Alexandre también quedó sorprendido con las confesiones de su amigo. Siempre habían hablado de muchos temas. Uno advertía que entre
ellos circulaba una hermandad. A simple vista no existían secretos ni
historias ocultas. Es más, he llegado a creer que el compartir la misma
mujer no ha sido motivo de diferencias. Y por otra parte, aquella fórmula desgarrada de contar esa vivencia amorosa con Augusta, no
guardaba otro objeto que poner sobre la mesa las condiciones mínimas
e indispensables para sostener una convivencia armónica. Paúl nada
más me había dicho: “Así son las cosas”. Yo solamente tenía que mirar para otro lado. Pero en verdad, no estaba acostumbrado a la sensatez europea o para ser más preciso, a cierta pacatería cultural donde el
macho es centro de todo y nunca recibe el golpe. Ese resabio varonil,
gastado y desprolijo que arrastramos los cultores del Río de la Plata.

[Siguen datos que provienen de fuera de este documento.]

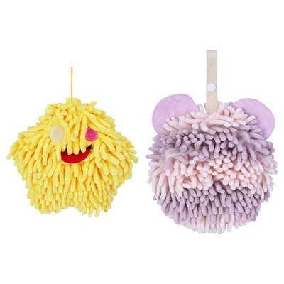 REGALWOVEN 2 Packs Fluffy Chenille Rabbit Shape Cute Soft Absorbent Hanging Ball Hand Towels 7" x 7" Yellow/Purple
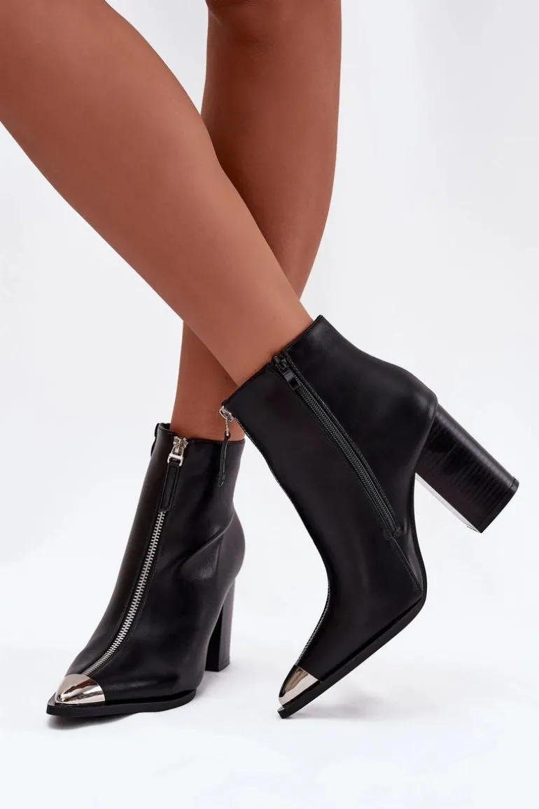 Botki damskie z eko skóry to stylowa propozycja na co dzień i do bardziej wyjściowych stylizacji. Model osadzony na stabilnym słupku zapewnia komfortowy krok, a zamek po boku ułatwia szybkie zakładanie i dopasowanie do stopy. Dodatkowy ozdobny zamek z przodu oraz subtelny metalowy detal nadają nowoczesnego charakteru. Przy wyborze rozmiaru prosimy sugerować się tabelą rozmiarów.
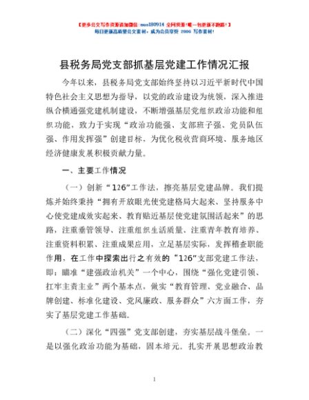 / 县税务局党支部抓基层党建工作情况汇报

Yo estaba atado a la mesa y temblaba que le llegara el turno a mi informe sobre alguna debilidad pretérita. Contar hazañas de noches
orientales con mujeres promiscuas o entreveros con homosexuales
desgastados. Esperaba además que Marcel arribara y equilibrara el
diálogo trayendo la historia del El frac verde( L’hat vert), la comedia
de Gaston-Armand de Caillavet y Robert de Flers que, según él, estaba basada en sus malogrados días con Mirelle. Total mentira. Marcel
le imprimía al relato la cuota de humor necesario para hacer creer a
sus virtuales oyentes que la sátira mundana le pertenecía. Llegó. Respiré aliviado. Todo indicaba que mi situación ya no estaba comprometida. Todavía faltaba la exposición de Alexandre, algún que otro suspiro de Paúl y el ocaso de la reunión quedaría sellado.

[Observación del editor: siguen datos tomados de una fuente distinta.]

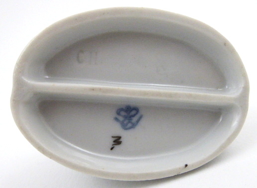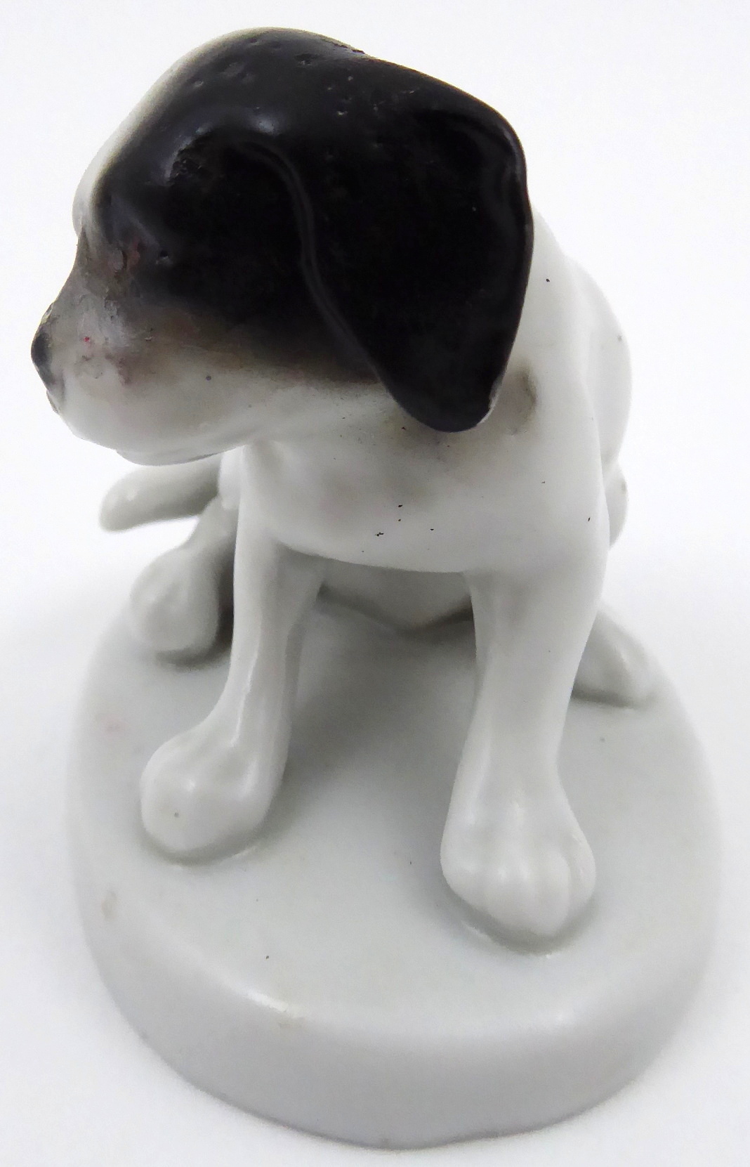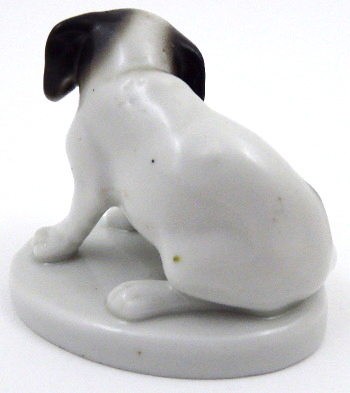 Bílý a ručně barevně malovaný porcelán. Věrně zachycená figurka sedícího psíka. Značeno zespodu: modrá a vtlačená značka, vtlačená písmena C.H., značka malíře. Německo, Oeslau 1935 – 1949. Výška 5,5 cm, rozměr podstavce 6,5 cm x 4,5 cm.

Marcel no parecía dispuesto a transformarse en el bufón de la tarde.
Varias veces nuestras miradas se cruzaron y me pareció que algo estaba sucediendo. No era el que conocía. Estaba sentado pero ausente de
la conversación. Parecía incómodo, de prestado, en otra cosa. Bebía su
cerveza y apretaba los labios. Miraba a Paúl y Alexandre de manera
obligada. Me sentí molesto. Tal vez esta integración le resultara inapropiada. Tanto fue su exclusión que los invitados comenzaron a
notarlo aunque no resignaron la voluntad de continuar festejando.

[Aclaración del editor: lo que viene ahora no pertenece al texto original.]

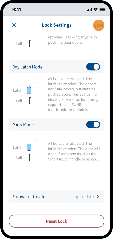 SmartAccess offers the option of using various door modes (Day Latch Mode, Permanent Open Mode, Party Mode).
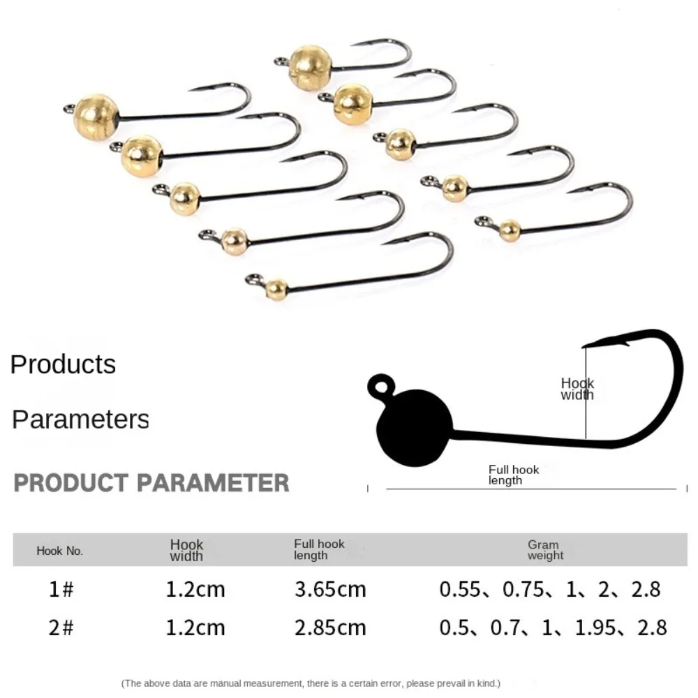 10pcs/lot Micro Jig Head Fishing Hooks 0.5g-4g Copper Head Mini Crank Jig Fishhook Soft Worm Lure Fishing Accessories

Alexandre pidió una vuelta más de cerveza para todos y se excusó
antes de ir al baño. Paúl encendió la pipa y se recostó en el respaldo de
su silla. Marcel seguía en su cerrado laberinto y yo comenzaba a creer
que todo placer ha de ser pagado con una cantidad apreciable de disgusto, con la moneda fatal de cada hipocresía y con el azar y el error
de nuestra sospechada huída al futuro.
Paúl Hartford y Alexandre Soards regresaron a Vermont. Ambos continúan manteniendo sus cátedras. Augusta Dover Y Roberta Lerer
viven el Lugano (Suiza), totalmente desconectadas de sus anteriores
afectos.
Marcel Grinaut después de conocer que Roberta iniciaba una nueva
vida con Augusta, volvió a París. Mirelle Maccos, su esposa, ya había
formado otra pareja.
Ignacio Cavanagh firmó contrato con una editorial española para
publicar “El mito personal”, con prólogo de Alexandre Soards.
Su deseo es volver el próximo invierno a la Universidad de Vermont.